Flax (Linum usitatissimum L.) has a worldwide distribution and is considered as an economically important crop in the world because of its vast fiber and seed oil (Fu, 2005; Cloutier et al., 2012). It has been suggested that cultivated flax were domesticated from a single domestication of wild flax (Linum bienne) (Allaby et al., 2005; Fu and Allaby, 2010) and has been used by humans for more than 10,000 years in the Near East (Austin, 2012). The difference in breeding selection during domestication contributed to two plant types with different agronomic traits for fiber flax and oil flax (Diederichsen and Ulrich, 2009). Typical oil flax has a shorter plant height, more branches and capsules, and larger seeds than those of the fiber flax varieties. However, as the genetic basis for phenotypic changes, the natural allelic variations responsible for flax varietal domestication-related morphological features have not been fully explored. Differences among individuals are stored in their genomes, which are reflected in the diversity of agronomic traits and differences in physiology and biochemistry (Lin et al., 2014). Finding the relationship between phenotype and genotype variation should help us understand the process of artificial selection and provides insights into further flax breeding improvement.
Seed size is one of the most important traits for crop yield. Large seed lines facilitate harvesting, processing and planting, which then leads to the selection of larger seed sizes during domestication (Tao et al., 2017). For instance, in rice, OsSPL13 positively regulates grain length and large-grain haplotypes are introgressed into tropical japonica varieties from indica varieties under artificial selection (Si et al., 2016). However, preferential selection for certain excellent phenotypes may result in small seed phenotypes being “bundled” together for artificial selection. For example, a SNP mutation of the GL4 gene during African rice domestication resulted in the loss of seed shattering and smaller seeds than their wild ancestors. Selection of the loss of seed shattering allows small seeds to be selected together into African cultivated rice (Wu et al., 2017). Domestication of complex traits is likely to undergo different trade-offs according to the needs of breeders. Although seed sizes and weight differ significantly between oil flax and fiber flax, the genetic basis of morphological differences and artificial selection characteristics remain largely unclear.

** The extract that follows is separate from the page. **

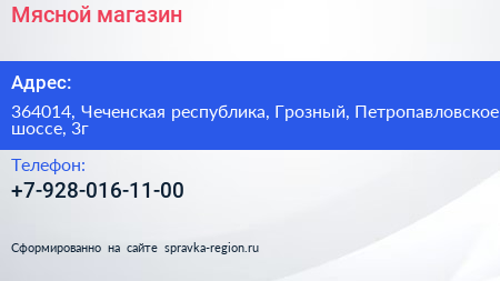 Мясной магазин по адресу 364014, Чеченская республика, Грозный, Петропавловское шоссе, 3г в дальнейшем Организация, размещена в следующих категориях:

Seed development is controlled by both genetic and external environment, which is a complex biological process. In angiosperms, the seed consists of seed coat, endosperm and embryo, which together determine the seed size (Bleckmann et al., 2014). In recent years, the regulation of seed development has attracted more and more attention due to the important role of seed related traits in agricultural production. Several functional genes controlling seed size have been reported, which are involved in plant hormones release, transcription factors, ubiquitin pathway components, P450 family members, G-protein components, microRNAs, genomic imprinting and other pathways. These genes control seed growth in the aspects of integument cell proliferation, embryo development, information exchange between seed coat, endosperm and embryo (Li and Li, 2016; Huang et al., 2017a). However, only SPX and EXS domain-containing protein (PHO1) has been reported as candidate genes for 1000-seed weight in flax (Xie et al., 2018a). The conservation of seed size regulators and pathway connectivity in different species may help us understand the seed development in flax.
Linkage mapping and association mapping are popular methods for the identification of underlying genetic variations in agronomic traits (Lin et al., 2014; Du et al., 2018). Linkage mapping uses biparental hybrids population such as F2 and recombinant inbred line (RILs), etc (Xu et al., 2015; Palanga et al., 2017). However, the limited genetic diversity of biparents and poor map resolution limit the efficiency of gene mining (Yano et al., 2016). Compared with linkage based-mapping, association mapping is based on existing natural or artificially constructed populations and has a wealth of diverse materials to choose (Huang et al., 2012b; Dell’Acqua et al., 2015). Most alleles in one locus of the mapping population can be examined, and genetic variation loci of many traits can be detected in a single study (Lipka et al., 2015). In theory, association mapping is more accurate than linkage mapping, and it is easier to achieve fine mapping, or even directly locate the gene itself (Yano et al., 2016; Du et al., 2018). As a powerful tool, association mapping has been successfully applied to detection of agronomic traits in numerous crop species (Lin et al., 2014; Zhou et al., 2015; Yano et al., 2016; Du et al., 2018).
During the past decades, genetic studies on flax agronomic traits based on association mapping have been reported. Soto-Cerda et al. (2014) used 464 SSR markers to map 9 agronomic traits in 390 flax germplasms, and identified 12 significant markers associated with 6 agronomic traits. 193 SSR markers were used to perform association analysis on 124 flax samples using GLM and MLM models, 32 loci were found to be associated with yield-related traits (Deng, 2013). Xie et al. performed genome-wide association studies (GWAS) on 5 yield-related traits of 224 flax samples using 34,932 SNPs based on GLM and MLM, and a total of 42 SNPs loci were identified and 15 candidate genes were obtained (Xie et al., 2018a). Subsequently, Xie et al. (2018b) performed GWAS on 13 agronomic traits using the same data set, only 6 traits were associated with 16 SNPs. In addition, a total of 17,288 SNPs were employed to perform GWAS for 11 traits in three different bi-parental flax mapping populations composed of 260 lines, and 33 quantitative trait loci (QTL) were detected (You et al., 2018a). Soto-Cerda et al. (2018) used 771,914 filtered SNPs to perform GWAS for mucilage (MC) and hull content (HC) in flax seeds, and seven and four QTLs were identified for MC and HC, respectively. Nevertheless, these studies were based on SSR and Reduced-Representation Genome Sequencing such as SLAF and GBS, which are far less efficient and accurate than re-sequencing.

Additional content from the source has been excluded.